Monday, November 17, 2008

What to Do with a Big Box Store


If you set out to deliberately build an unsustainable retailing structure, you could hardly do worse than the big box store. Unattractive, surrounded by acres of parking lots, and closed off from the outside world, the big box store comes close to violating every rule of sustainable and beautiful building. It is a sad legacy of the move to the suburbs.

It becomes even worse when it fails. Stores close, developers abandon it and move on, and it becomes a ghost. (See the three-part series in this blog on Dead Spaces: Part I; Part 2; Part 3.) The ghosts of big box stores complicate water runoff, contribute to climate change even when no one uses the parking lot, and are even more ugly than their live big box cousins.
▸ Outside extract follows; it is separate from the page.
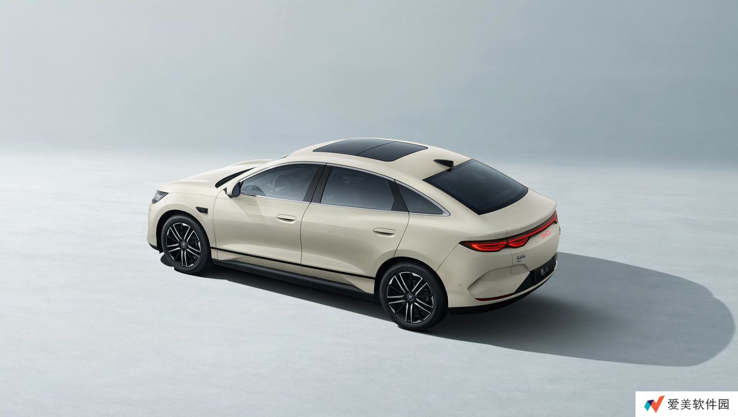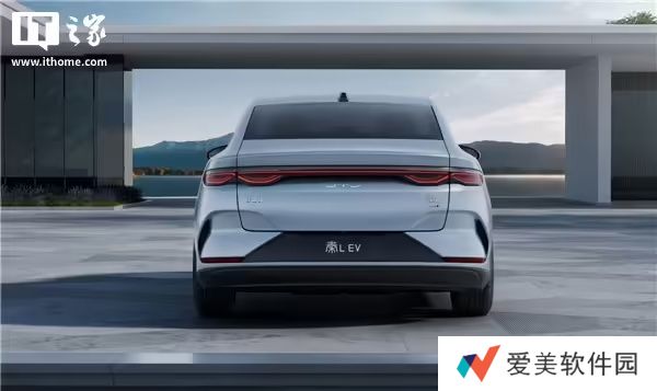 车身侧面,秦 L EV 配备了半隐藏式车门把手和 18 英寸轮圈。车尾部分,采用贯穿式尾灯设计。车身尺寸为 4720/1880/1495mm,轴距达到 2820mm。

In the long run, the big box store will almost certainly succumb to rising fuel prices and environmental constraints. The major question is what to do with the buildings and parking lots that remain when a big box store is abandoned. Tearing it down is one possibility, but this is both unimaginative and (because of the building materials used in most big box structures) hazardous to the environment.
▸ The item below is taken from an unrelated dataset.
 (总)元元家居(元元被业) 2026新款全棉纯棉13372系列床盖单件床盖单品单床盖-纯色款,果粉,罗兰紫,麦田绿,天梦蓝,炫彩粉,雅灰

Now the Washington Post has assembled a team of artists, architects, engineers, and developers to come up with creative suggestions for recycling these dead spaces. The article by Joel Garreau, repays study. The Post's team has some imaginative suggestions, with artists' renderings that bring them to life.

One doesn't have to agree with all the suggestions to see that this is a good start toward resolving an issue that we face even as I write and will face more urgently in the future.